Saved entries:
◇ ◇ ◇ ◇

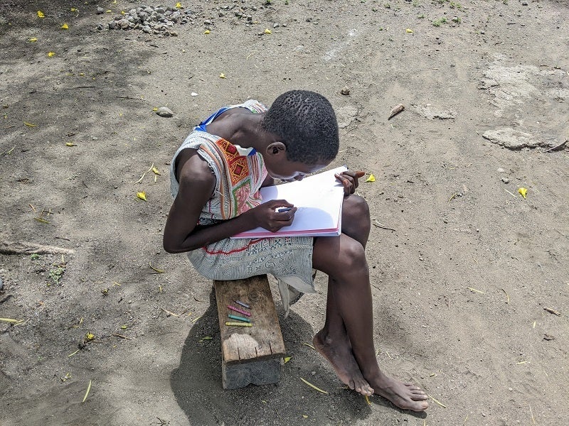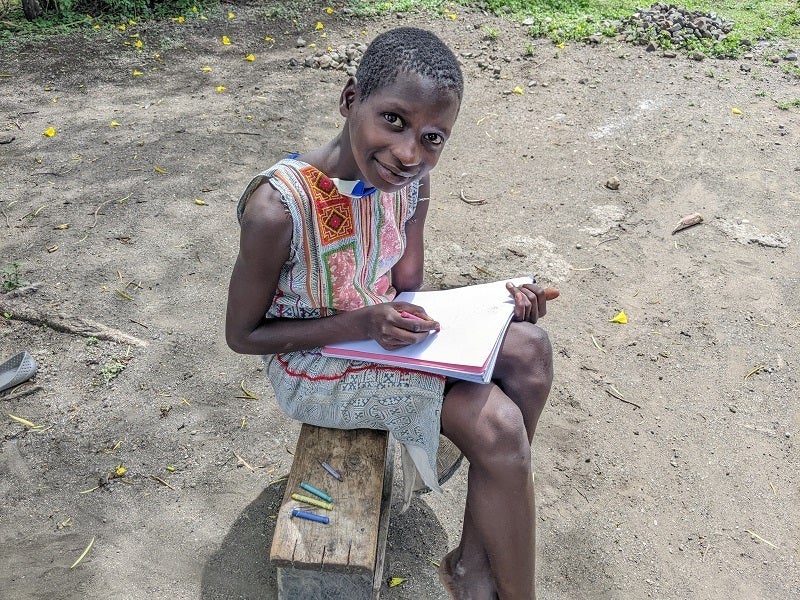 こちらの写真は、絵を描いてくれた一人、小学校6年生のヘレンさんの様子です。最近成績が上がっていて、一生懸命勉強しています。
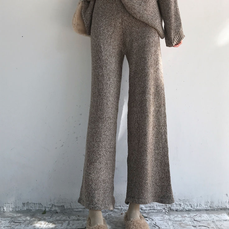 復古慵懶寬松加厚保暖高領毛衣女秋冬新款+高腰顯瘦針織闊腿褲潮
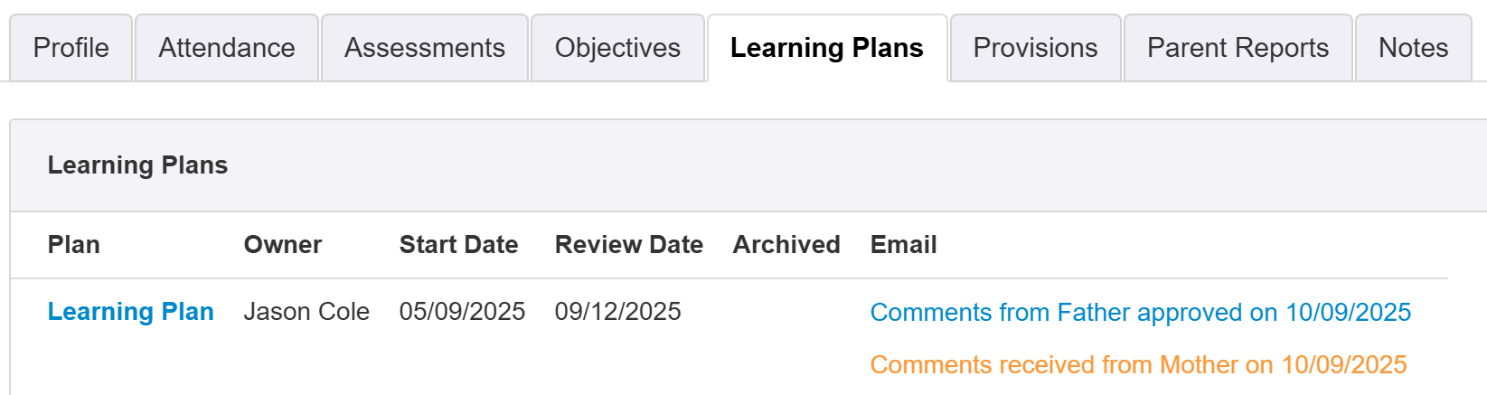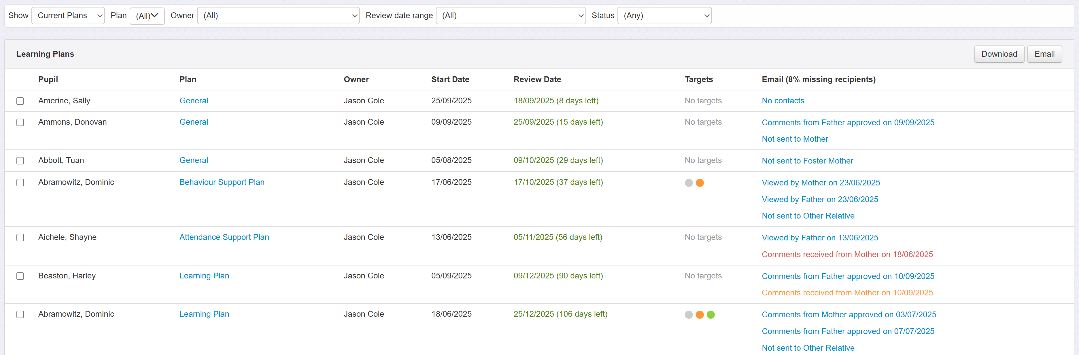 The Learning Plans report will indicate, in the Email column, all the different statuses for sent learning plans. This includes any received comments that need reviewing. You can click the Plan link in the report to open that plan for that pupil.
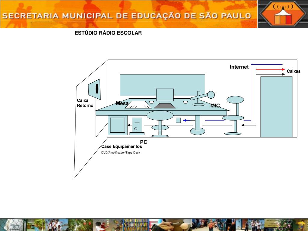 ESTÚDIO RÁDIO ESCOLAR Internet Caixas Caixa Retorno Mesa MIC PC Case Equipamentos DVD/Amplificador/Tape Deck
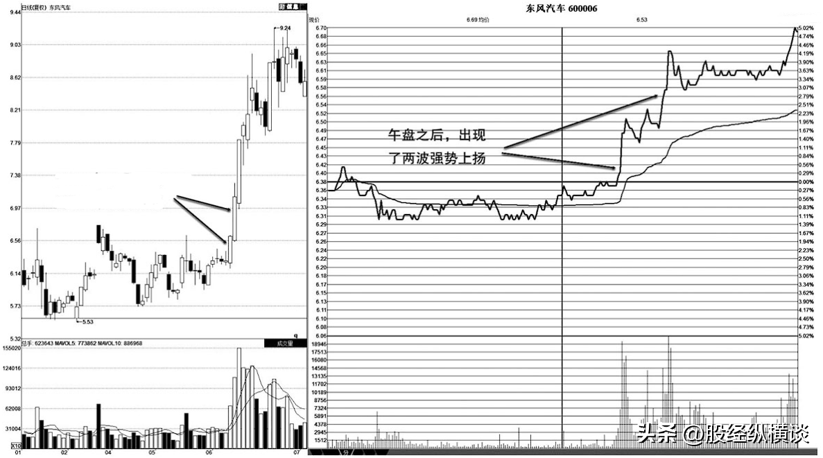 午盘后发力+早盘承接是指个股早盘运行平稳,但在午盘之后明显走强,出现了流畅上扬的盘口形态,收盘前稳稳站于均价线上方,次日开盘之后,个股也能维持相对强势的运行格局。
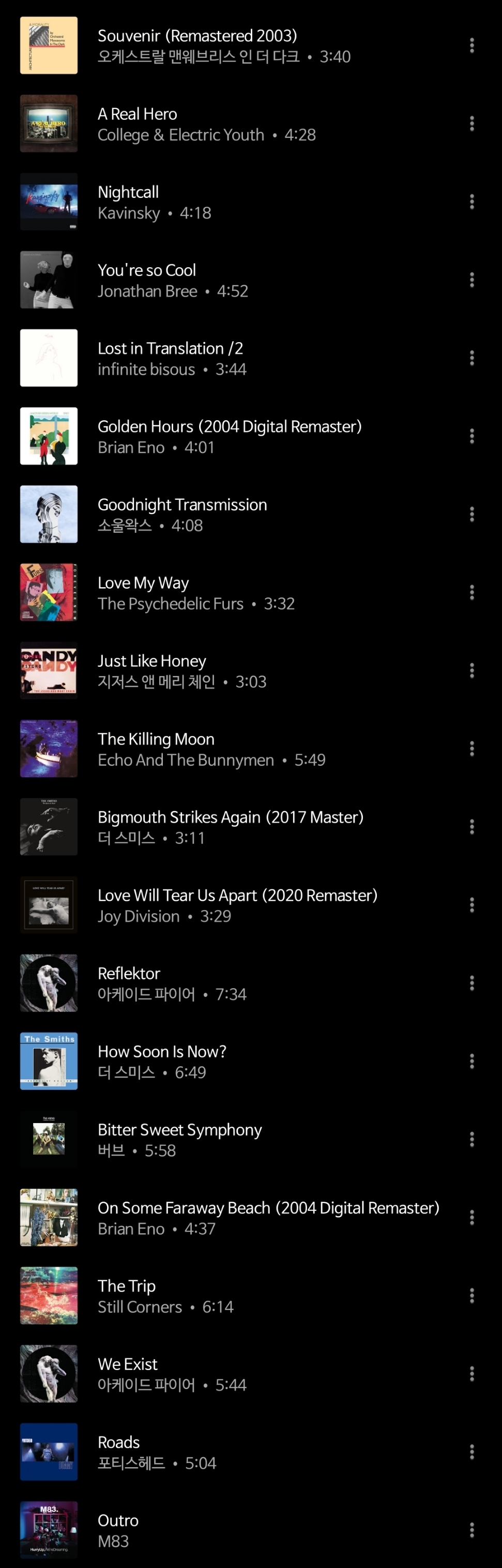 위의 곡이랑 분위기가 너무 잘 맞아서 같이 듣다 이렇게 플레이리스트까지 만들게 됐네
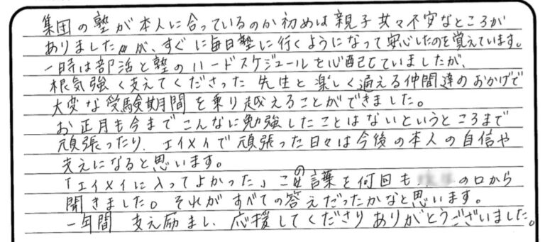 【ふじみ野校】「親から見たエイメイ」~受験を終えた保護者から シリーズ⑭~ 投稿日 2022年4月8日 更新日 2022年4月9日 著者 kimu カテゴリー エイメイ学院ふじみ野校舎ブログ カテゴリー キムのブログ|エイメイ学院ふじみ野塾長 カテゴリー 新着情報 本日はとても素敵な修了式を行っていただきありがとうございました。エイメイに通い約4年が経ちましたがこの4年で子供は大きく成長したと思います。子供に向き合い、優しく温かく見守って下さった先生方に感謝の気持ちで一杯です。エイメイに通わせて本当に良かったと思っています。ありがとうございました。 シェア ツイート LINE この記事を書いた人 kimu 記事一覧
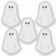 Five, white, cute little ghost stickers to add to your Halloween parties, projects, envelopes and gifts.

◇ ◇ ◇ ◇

Please return every record above exactly, but leave out the pictures.

 こちらの写真は、絵を描いてくれた一人、小学校6年生のヘレンさんの様子です。最近成績が上がっていて、一生懸命勉強しています。
 復古慵懶寬松加厚保暖高領毛衣女秋冬新款+高腰顯瘦針織闊腿褲潮
 The Learning Plans report will indicate, in the Email column, all the different statuses for sent learning plans. This includes any received comments that need reviewing. You can click the Plan link in the report to open that plan for that pupil.
 ESTÚDIO RÁDIO ESCOLAR Internet Caixas Caixa Retorno Mesa MIC PC Case Equipamentos DVD/Amplificador/Tape Deck
 午盘后发力+早盘承接是指个股早盘运行平稳,但在午盘之后明显走强,出现了流畅上扬的盘口形态,收盘前稳稳站于均价线上方,次日开盘之后,个股也能维持相对强势的运行格局。
 위의 곡이랑 분위기가 너무 잘 맞아서 같이 듣다 이렇게 플레이리스트까지 만들게 됐네
 【ふじみ野校】「親から見たエイメイ」~受験を終えた保護者から シリーズ⑭~ 投稿日 2022年4月8日 更新日 2022年4月9日 著者 kimu カテゴリー エイメイ学院ふじみ野校舎ブログ カテゴリー キムのブログ|エイメイ学院ふじみ野塾長 カテゴリー 新着情報 本日はとても素敵な修了式を行っていただきありがとうございました。エイメイに通い約4年が経ちましたがこの4年で子供は大きく成長したと思います。子供に向き合い、優しく温かく見守って下さった先生方に感謝の気持ちで一杯です。エイメイに通わせて本当に良かったと思っています。ありがとうございました。 シェア ツイート LINE この記事を書いた人 kimu 記事一覧
 Five, white, cute little ghost stickers to add to your Halloween parties, projects, envelopes and gifts.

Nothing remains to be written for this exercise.